Managing a large software project is a challenge. Code is constantly being changed: bugs surface and are fixed, branches are created and merged — it's no small task to keep things coherent. It's even trickier if the developers are geographically distributed; if a development team keeps their code away from everyone else for a month or two, it's likely that when they check it in you'll enter integration hell, with painful merges, conflicting interfaces, and a bevy of dependency problems.
There's no silver bullet for this problem. However, one practice that may help keep things under control is continuous integration. That sounds nice, since the software has to be integrated at some point — but what does continuous integration mean practically, on a day-to-day basis?
UltraLog is a large Defense Advanced Research Projects Agency (DARPA) project. The purpose of the project is to "extend the open source COUGAAR cognitive agent architecture using a layered, integrated approach with technologies in robustness, security, stability, and scalability." More importantly for this article's purposes, the UltraLog project is written in Java, by developers from over a dozen companies distributed around the United States. We needed something to help avoid integration problems; we needed a status page. So we put together the "Dashboard."

Figure 1. The Dashboard (Click for larger view)
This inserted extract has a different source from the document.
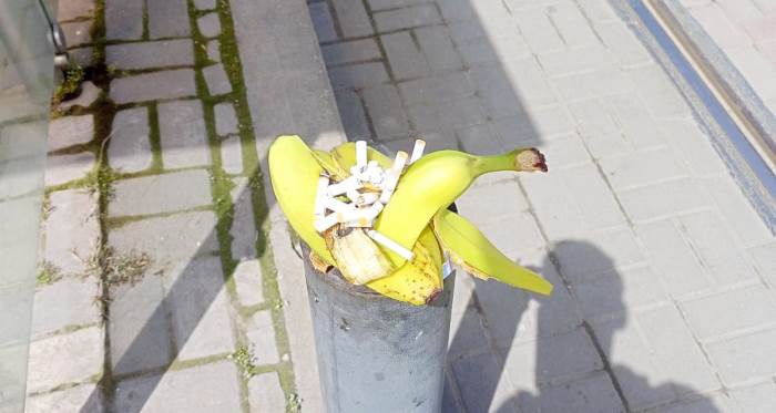 Eczacılık Tramvay Durağı çevresinde muz kabuğu ve sigara izmaritlerinin gelişi güzel bırakılması, kamusal alanda çevre kirliliğine neden oldu.

There's lots of stuff related to the UltraLog project that, while important in its own right, doesn't make it onto the Dashboard.
So, what does the dashboard show?
That's an overview. But if you've put together an hourly build, you know that there are a lot of details involved. Let's look at some of the technical issues we encountered while hooking things together.
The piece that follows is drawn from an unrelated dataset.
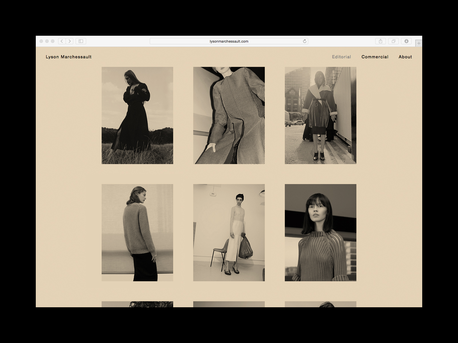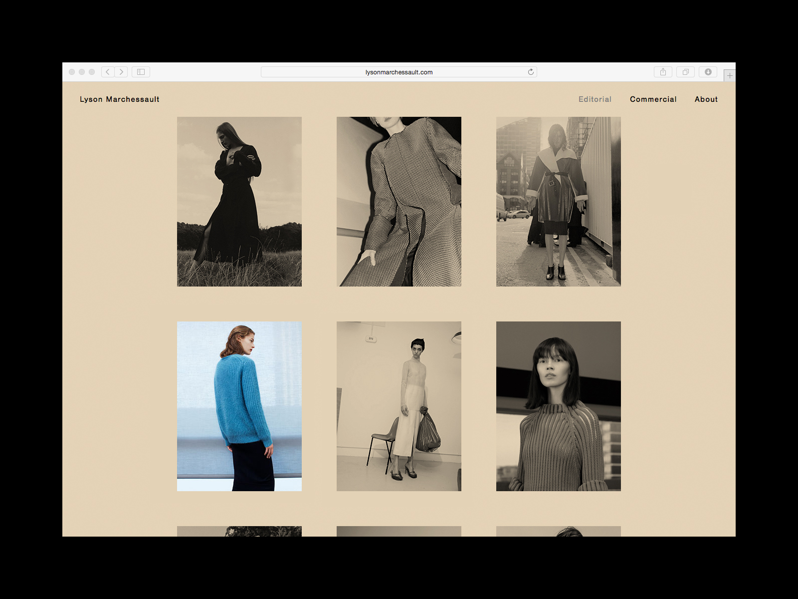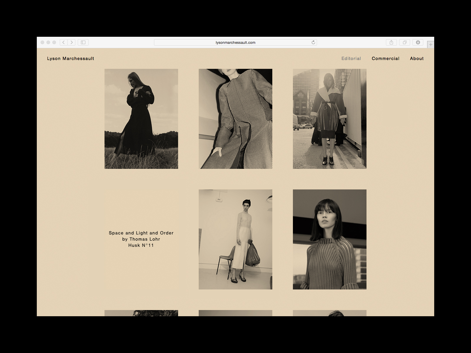 Similar to Marchessault’s work, the websites’ palette is limited to muted shades, allowing colour to accentuate rather than overwhelm. The site uses a simple framework to showcase both image and text.

First of all, the whole process is driven by Ruby scripts and a Jakarta Ant build template. There's no room here to discuss those products, so I'll summarize by saying that Ruby is an excellent open source scripting language and that Ant is an excellent Java build tool.
The most important item on the Dashboard is compilation success/failure. If we can't compile the code, we can't do much else. So compilation status is displayed in color — a strategy that has added phrases like "[some project] is back in the green" to our lexicon. This allows someone to come to the Dashboard and see at a glance whose code is not integrating cleanly. It's an excellent motivational tool.
Technically, the Ant javac task takes care of the compilation.
Once it's done and the report is written to an XML file, the Ruby script that
drives the process parses that report, determines success or failure, and
counts the number of deprecated methods. This allows a developer to see that while the code may have been compiled, there may be newer methods to use. It
helps to reduce the integration load when new releases occur.
Ikko is a little templating engine written in Ruby. It's fine for small projects that don't get heavy traffic. In the case of the Dashboard, the web page gets rebuilt once an hour, so template caching is not a requirement.
You can see examples of Ikko's simple operation on the Ikko home page. Here's an example of loading a file and plugging in a couple values:
#!/usr/local/bin/ruby
require 'ikko'
fm=Ikko::FragmentManager.new
fm.base_path="."
puts fm["people.html", {"name"=>"Fred", "age"=>"25"}]
Here's the HTML file for the above snippet:
<html>
<body>
<!--Fragment key="name"--> is <!--Fragment key="age"--> years old.
</body>
</html>
Specify a file name and a Ruby Hash object and you have templated HTML.
JavaNCSS provides a command-line interface and an XML output format. We
used the Unix find utility to gather up a list of files:
$ find . -name *.java > files.txt
and then executed JavaNCSS with the XML flag:
$ javancss files.txt -xml > report.xml
With the help of the Ruby REXML library, the result can be parsed in a line of Ruby:
ncss = (REXML::Document.new(File.new("report.xml"))).elements["ncss"].text
and then it's plugged into an HTML template for display in the final report page.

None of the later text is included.